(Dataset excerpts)
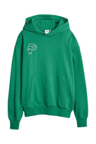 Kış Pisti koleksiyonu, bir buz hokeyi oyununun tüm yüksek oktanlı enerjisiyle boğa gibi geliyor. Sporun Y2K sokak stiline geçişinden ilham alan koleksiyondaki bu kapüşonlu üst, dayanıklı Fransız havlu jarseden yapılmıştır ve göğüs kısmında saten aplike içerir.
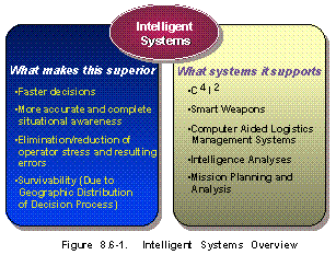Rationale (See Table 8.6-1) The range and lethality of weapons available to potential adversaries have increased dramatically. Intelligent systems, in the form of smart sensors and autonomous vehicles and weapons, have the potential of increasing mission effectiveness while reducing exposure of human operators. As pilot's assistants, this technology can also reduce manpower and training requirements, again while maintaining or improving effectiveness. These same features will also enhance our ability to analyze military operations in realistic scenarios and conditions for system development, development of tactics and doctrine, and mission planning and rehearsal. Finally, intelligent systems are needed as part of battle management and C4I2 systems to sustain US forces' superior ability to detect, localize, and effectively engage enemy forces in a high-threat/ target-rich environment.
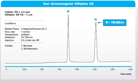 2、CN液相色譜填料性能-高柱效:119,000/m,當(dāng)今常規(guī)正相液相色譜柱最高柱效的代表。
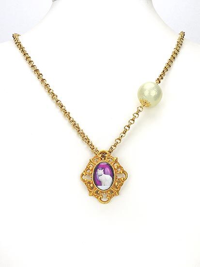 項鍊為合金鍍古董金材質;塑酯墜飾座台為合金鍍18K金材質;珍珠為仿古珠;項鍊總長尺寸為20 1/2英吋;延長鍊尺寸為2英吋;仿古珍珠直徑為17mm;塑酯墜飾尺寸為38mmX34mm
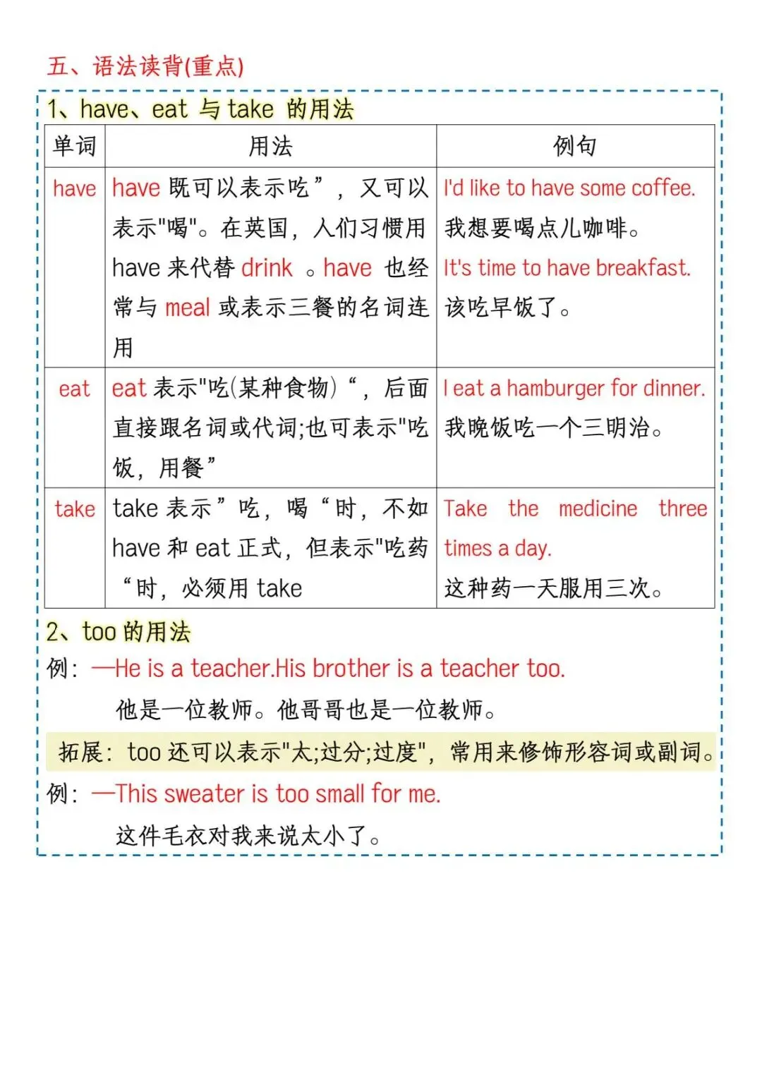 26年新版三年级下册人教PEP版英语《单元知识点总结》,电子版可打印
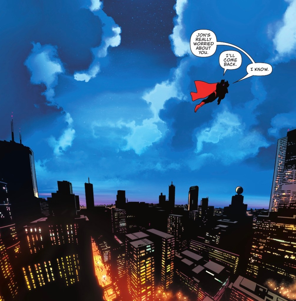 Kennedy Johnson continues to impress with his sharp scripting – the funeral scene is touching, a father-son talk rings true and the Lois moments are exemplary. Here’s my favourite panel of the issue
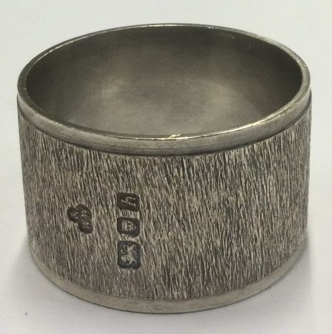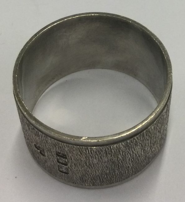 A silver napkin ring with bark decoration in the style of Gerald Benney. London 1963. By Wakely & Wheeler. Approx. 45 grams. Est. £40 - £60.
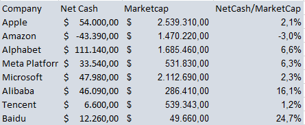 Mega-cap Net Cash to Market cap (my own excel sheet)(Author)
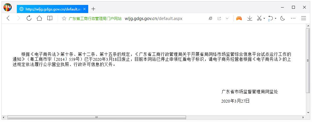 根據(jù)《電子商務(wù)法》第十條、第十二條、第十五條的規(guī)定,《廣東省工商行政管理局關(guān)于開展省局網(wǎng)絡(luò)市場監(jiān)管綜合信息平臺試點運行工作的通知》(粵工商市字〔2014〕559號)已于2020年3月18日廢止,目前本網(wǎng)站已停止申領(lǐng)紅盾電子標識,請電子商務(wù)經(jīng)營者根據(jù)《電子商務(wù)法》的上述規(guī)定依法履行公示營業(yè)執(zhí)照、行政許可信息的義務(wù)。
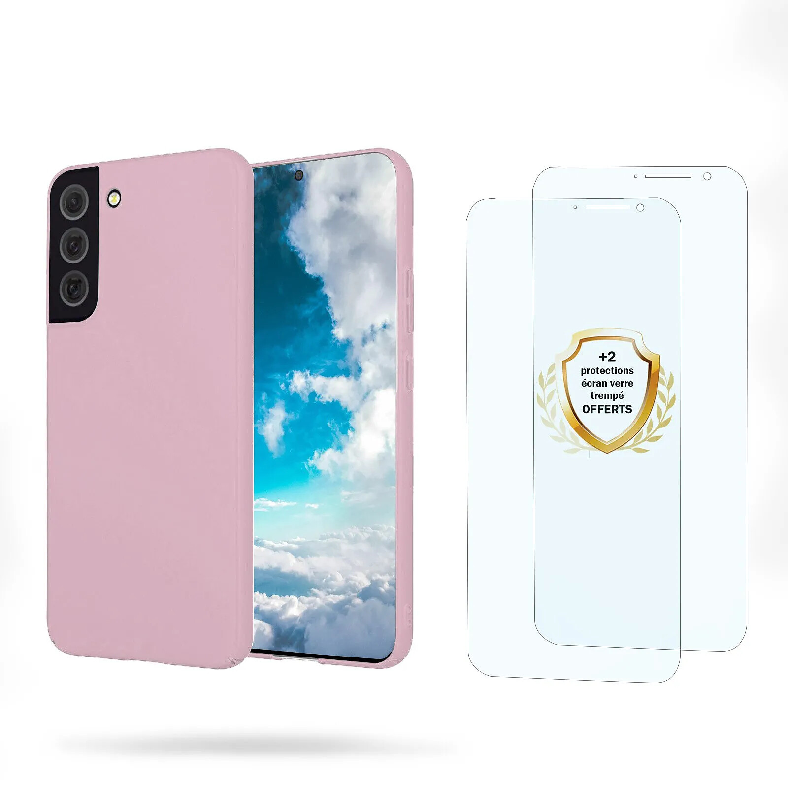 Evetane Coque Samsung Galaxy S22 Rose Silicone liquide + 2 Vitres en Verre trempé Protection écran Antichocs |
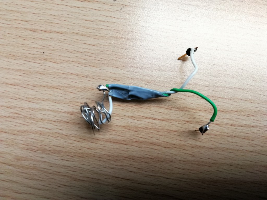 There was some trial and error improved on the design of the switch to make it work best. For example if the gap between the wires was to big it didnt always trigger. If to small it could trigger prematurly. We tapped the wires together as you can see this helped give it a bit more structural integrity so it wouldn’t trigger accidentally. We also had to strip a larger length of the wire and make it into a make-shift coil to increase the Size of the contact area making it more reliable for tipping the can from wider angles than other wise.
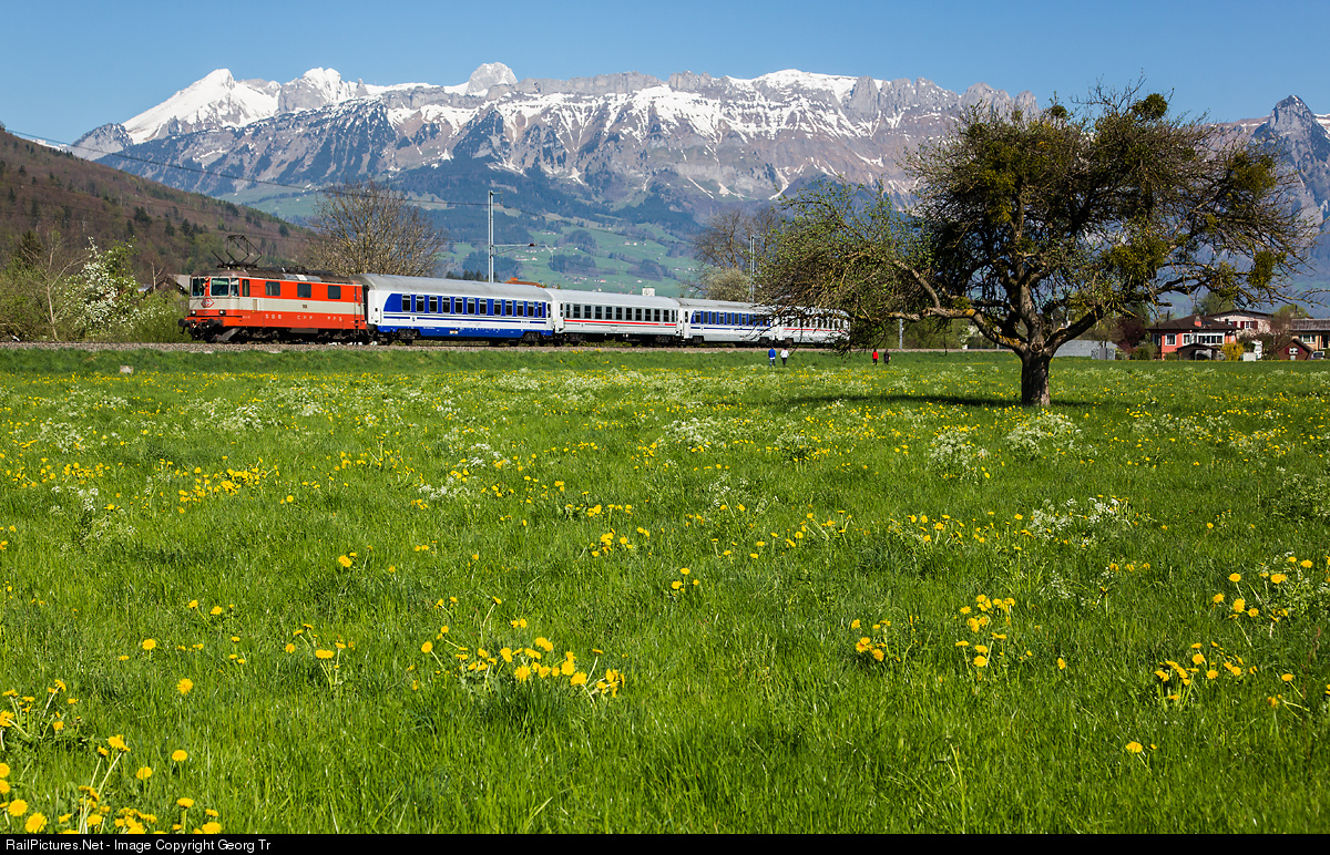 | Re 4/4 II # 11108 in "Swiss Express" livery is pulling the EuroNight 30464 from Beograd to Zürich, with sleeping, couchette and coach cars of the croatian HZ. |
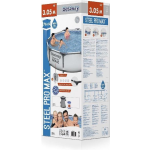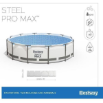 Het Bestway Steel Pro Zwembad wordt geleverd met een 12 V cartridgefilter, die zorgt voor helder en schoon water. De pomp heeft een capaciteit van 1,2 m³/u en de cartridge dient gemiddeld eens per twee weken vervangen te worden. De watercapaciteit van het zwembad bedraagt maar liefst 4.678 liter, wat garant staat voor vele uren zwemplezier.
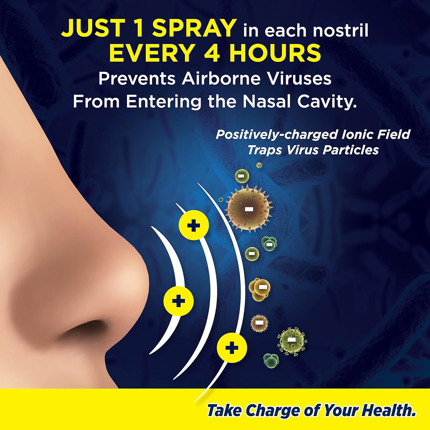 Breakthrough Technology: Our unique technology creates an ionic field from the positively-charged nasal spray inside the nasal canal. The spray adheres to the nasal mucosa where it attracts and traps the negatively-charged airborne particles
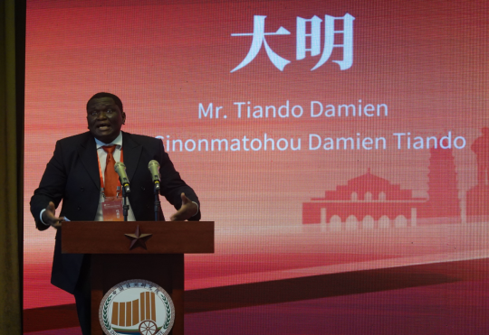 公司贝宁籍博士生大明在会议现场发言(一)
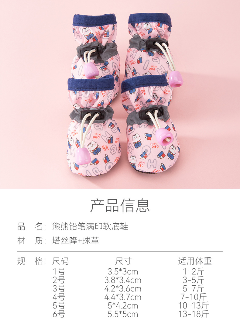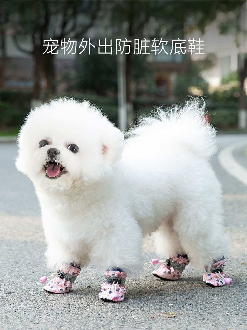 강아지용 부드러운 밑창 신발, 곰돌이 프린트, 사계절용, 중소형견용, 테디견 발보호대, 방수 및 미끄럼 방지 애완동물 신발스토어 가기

About this task -> Set down again, exactly, every line above from the one with "26年新版三年级下册人教PEP版英语《单元知识点总结》,电子版可打印" down to the one with "croatian HZ. |", both ends included. No pictures, and nothing else.

Output below ->
 26年新版三年级下册人教PEP版英语《单元知识点总结》,电子版可打印
 Kennedy Johnson continues to impress with his sharp scripting – the funeral scene is touching, a father-son talk rings true and the Lois moments are exemplary. Here’s my favourite panel of the issue
 A silver napkin ring with bark decoration in the style of Gerald Benney. London 1963. By Wakely & Wheeler. Approx. 45 grams. Est. £40 - £60.
 Mega-cap Net Cash to Market cap (my own excel sheet)(Author)
 根據(jù)《電子商務(wù)法》第十條、第十二條、第十五條的規(guī)定,《廣東省工商行政管理局關(guān)于開展省局網(wǎng)絡(luò)市場監(jiān)管綜合信息平臺試點運行工作的通知》(粵工商市字〔2014〕559號)已于2020年3月18日廢止,目前本網(wǎng)站已停止申領(lǐng)紅盾電子標識,請電子商務(wù)經(jīng)營者根據(jù)《電子商務(wù)法》的上述規(guī)定依法履行公示營業(yè)執(zhí)照、行政許可信息的義務(wù)。
 Evetane Coque Samsung Galaxy S22 Rose Silicone liquide + 2 Vitres en Verre trempé Protection écran Antichocs |
 There was some trial and error improved on the design of the switch to make it work best. For example if the gap between the wires was to big it didnt always trigger. If to small it could trigger prematurly. We tapped the wires together as you can see this helped give it a bit more structural integrity so it wouldn’t trigger accidentally. We also had to strip a larger length of the wire and make it into a make-shift coil to increase the Size of the contact area making it more reliable for tipping the can from wider angles than other wise.
 | Re 4/4 II # 11108 in "Swiss Express" livery is pulling the EuroNight 30464 from Beograd to Zürich, with sleeping, couchette and coach cars of the croatian HZ. |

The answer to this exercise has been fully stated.